Par Sarah Laîné – Le 14/08/2015

Il est indispensable à la vie et symbolise le sentiment le plus noble : Le Figaro passe à l’épreuve de la médecine 15 idées reçues autour du coeur.

1) Les maladies cardiaques épargnaient nos ancêtres

Une équipe internationale de scientifiques a examiné au scanner les corps de 137 momies couvrant près de quarante siècles. Les analyses publiées en 2013 ont permis de révéler que les hommes sont touchés par l’athérosclérose depuis au moins 4 000 ans. Un tiers des momies présentait en effet des artères obstruées par des dépôts de graisse. Responsable de l’infarctus ou de l’attaque cérébrale, l’athérosclérose ne serait donc pas uniquement une maladie de notre monde moderne. L’âge serait en fait le premier facteur de risque, même si la sédentarité, le tabac, le diabète, l’obésité ou encore la «malbouffe» favorisent la survenue de cette maladie. Plusieurs études ont d’ailleurs démontré l’influence du mode de vie sur les maladies cardiaques.

2) On peut vivre sans cœur

En 2009, Jakub Halík, un Tchèque de 38 ans est décédé après avoir vécu six mois sans cœur: un record mondial. Victime d’une tumeur cardiaque très rare, les médecins avaient dû remplacer l’organe malade par un cœur artificiel constitué de deux pompes mécaniques. Plus récemment, le premier patient français transplanté avec un cœur artificiel autonome a vécu 75 jours. Le 5 novembre dernier, la société Carmat annonçait que le deuxième patient, opéré début septembre au CHU de Nantes, se «portait très bien».

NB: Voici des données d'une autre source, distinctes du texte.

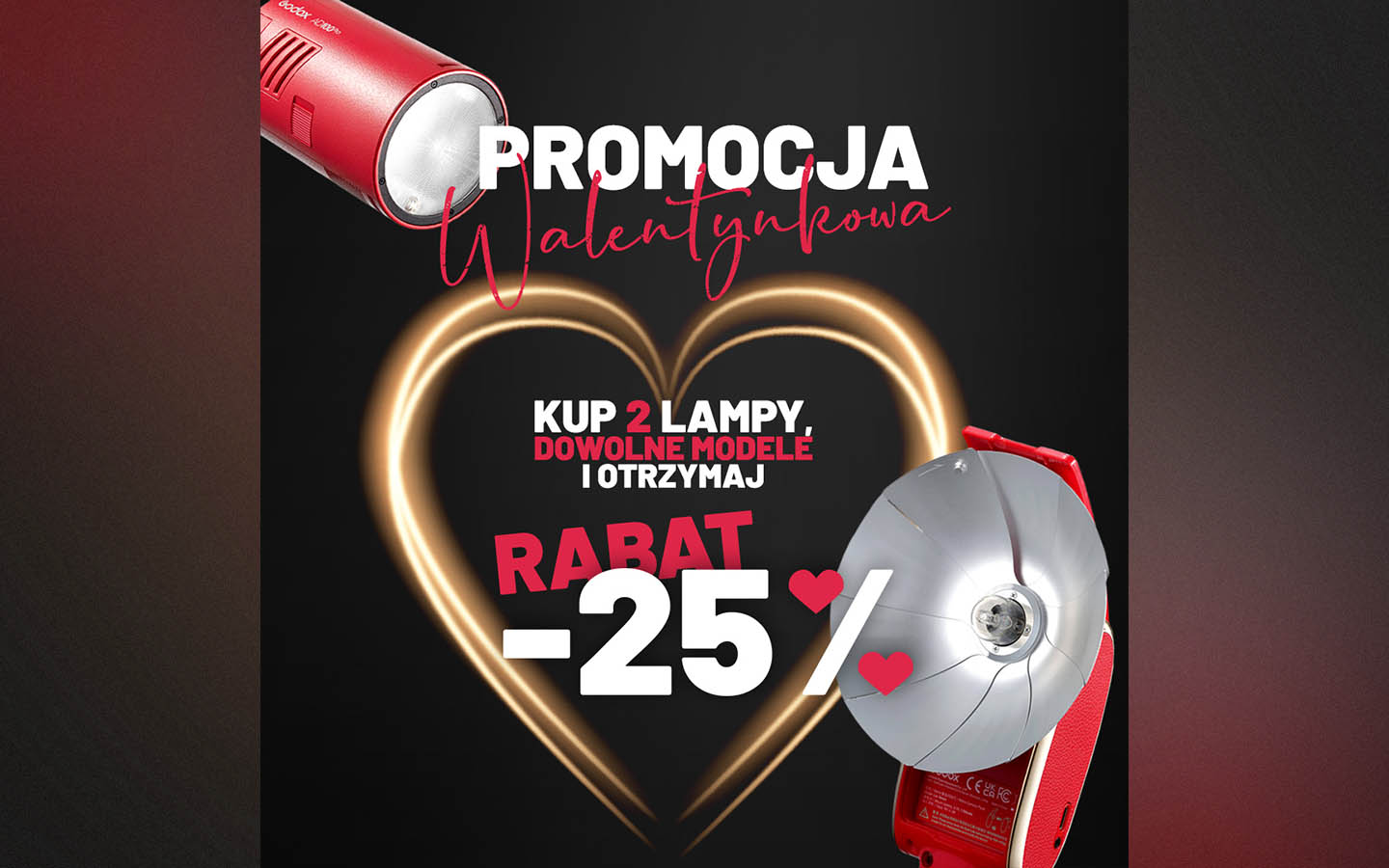 W duecie raźniej, dlatego w Godox Polska ruszyła wyjątkowa promocja walentynkowa. Do 14 lutego włącznie, kupując co najmniej 2 lampy lub panele dowolnego typu, otrzymasz 25% rabat! I to nie na drugą lampę, ale na obie!

3) Le cœur brisé est juste une figure littéraire

Crédit photo: Flickr/suez92

Crédit photo: Flickr/suez92

Un accident, la perte d’un être cher ou tout autre traumatisme psychologique important peut vous briser le cœur, au sens propre du terme. Le «syndrome des cœurs brisés», «faux infarctus de stress» ou encore «syndrome de tako-tsubo» est une réelle pathologie cardiaque, qui peut survenir après un choc émotionnel ou physique violent. Les symptômes cliniques miment ceux d’un infarctus. Certaines régions du muscle cardiaque ne se contractent plus normalement suite à une trop forte libération de catécholamines, les hormones du stress. Touchant principalement les femmes, cette maladie présente généralement une évolution favorable. La plupart des patients retrouvent un état de santé normal après trois à six mois de traitement.

4) Tousser permet d’échapper à une crise cardiaque

Depuis quelques années, une fausse information circule sur les réseaux sociaux: il serait possible d’échapper à une crise cardiaque en toussant vigoureusement lors de l’apparition des symptômes. La solution semble simple, mais elle n’est basée sur aucune étude scientifique. Bien au contraire, lors de la survenue d’un infarctus, se mettre à tousser violemment peut entraîner une dépense d’énergie défavorable. En cas de douleur thoracique persistante, souvent associée à une sensation de malaise, l’unique bon réflexe est donc d’appeler les urgences

5) Se laver les dents n’a rien à voir avec le cœur

Crédit photo: Flickr/Stan Olliff

Crédit photo: Flickr/Stan Olliff

Plusieurs études ont démontré les liens entre la santé bucco-dentaire et la santé cardiaque. En 2011, des travaux menés par des cardiologues taïwanais sur plus de 100 000 patients ont permis de montrer que se faire régulièrement détartrer les dents (au moins une fois par an) permet de réduire de 24 % le risque d’attaque cardiaque et de 13 % celui d’attaque cérébrale, comparé à des personnes qui n’ont jamais reçu de soins dentaires. En 2013, une nouvelle étude américaine a pour la première fois fourni une explication. Selon les chercheurs, les bactéries dentaires pourraient contribuer à la formation de plaques (athérome) sur la paroi des artères. Or l’athérosclérose est responsable de la grande majorité des cas d’accidents cardiovasculaires.

6) L’insuffisance cardiaque n’est pas mortelle

L’insuffisance cardiaque touche près d’un million de personnes en France. Elle est la troisième cause de décès par maladie cardio-vasculaire, derrière les accidents vasculaires cérébraux et les infarctus. Elle concerne en quasi-totalité les personnes âgées de plus de 65ans. En 2013, des chercheurs français ont publié une étude montrant que la mortalité par insuffisance cardiaque avait diminué de 30% entre 2000 et 2010, avec 23882 décès recensés en 2010. Des résultats très encourageants. Néanmoins, malgré une meilleure prise en charge, cette pathologie demeure toujours de mauvais pronostic et reste une cause fréquente d’hospitalisation chez les personnes âgées (200000 courts séjours en 2008).

7) On ne peut pas faire l’amour quand on est cardiaque

Le sexe et les maladies cardiaques font-ils bon ménage? Oui, selon les experts de l’American Heart Association. Selon leurs conclusions publiées en 2012, l’activité sexuelle est tout à fait permise en l’absence de symptômes et sous réserve de respecter certains délais en cas d’accidents cardio-vasculaires ou d’opération chirurgicale.

«Le risque absolu d’être victime d’un accident cardio-vasculaire pendant un rapport sexuel est minime», rassurent les cardiologues.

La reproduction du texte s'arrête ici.